By NOEL GALLAGHER -- London Free Press

 CBC's live airing of the Sydney Olympics is often a case of deja viewing. No matter the sport, the same scenario is rerun with relentless monotony.

 Before each contest, the chances of the Canadian entries are dutifully hyped. When our home-grown favourites fail to top the field, the commentators launch their "expert" analysis of the setback, usually assigning blame to the athlete.

 If complaining, second-guessing and finger-pointing were Olympic events, Canada would be hip deep in gold medals.

 Why, ponder the pundits, is Australia (population 19 million) stacking up the victories while Canada, a country of 30 million, languishes near the tail end of the trophy list.

 That query was put to Canadian Sports Minister Denis Codere by Brian Williams, CBC host and self-appointed Grand Inquisitor.

 After noting "the billions of dollars" spent by the Aussies on their Olympic program, Codere admitted the money this country budgets to support athletes "could be better."

 That gross understatement wasn't challenged by the unusually respectful Williams.

 For the record, an Olympic hopeful who qualifies for government help receives, at best, a little more than $1,000 per month. Our athletes must live, train and survive below the poverty level -- for years -- and we still expect them to do us proud on the world stage.

 It's no surprise CBC front man Williams doesn't criticize the government that subsidizes his TV network.

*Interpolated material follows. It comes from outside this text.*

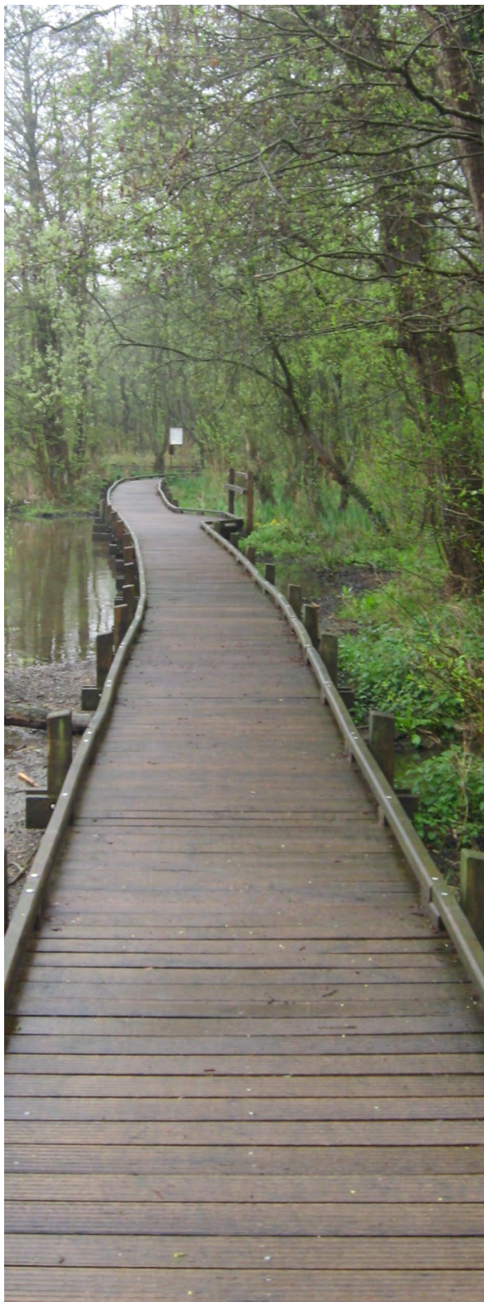
Platelage en bois

En secteurs humides, un sentier en platelage bois avec planches rainurées et chasse-roue d'une largeur de 1,30 m en section courante avec des surlargeurs en 2,22 m.

CBC used our tax bucks to pay $160 million for broadcast rights at these Games.

 Meanwhile, Canada is content to be a Third World nation in athletics and makes Olympic glory a next-to-impossible dream for competitors.

 And our Olympians are growing tired of shouldering the Canadian public's unreasonable expectations.

 "People expect gold medals from us but they have to put the money into it to get those Olympic medallists and to keep us in the pool," says swimmer Joanne Malar. "A lot of us are going to retire because another four years to get bad press when you come fifth in the world isn't worth it."

 Another swimmer, Marianne Limpert, a silver medallist at the Atlanta Games, agrees: "If the government put some money into sport, then it might give us more confidence that they think we are worthwhile and behind us when we get up on the blocks."

 Many of the folks bemoaning our Olympic team's rare wins are the same voices raised in opposition when anyone suggests more tax dough should be ticketed for amateur sports programs.

 The Games are a pay-as-you-play proposition. You don't want to ante up? Fine. But you give up all griping rights when you watch Canadian athletes getting their butts kicked.

 That said, look at the response when Simon Whitfield beat all odds to win gold in the triathlon.

 "It was unbelievable," a middle-aged man told his friends in London's YMCA recently.

 "I was sitting all alone in front of my TV. I saw this kid Whitfield coming down to the finish line, giving it everything he had. I couldn't help myself, I stood up and applauded. It just made me so damned proud."

 Identifying with our athletes when they succeed and disowning them when they don't. That isn't an "Only in Canada, you say?" situation but it's still an awful pity.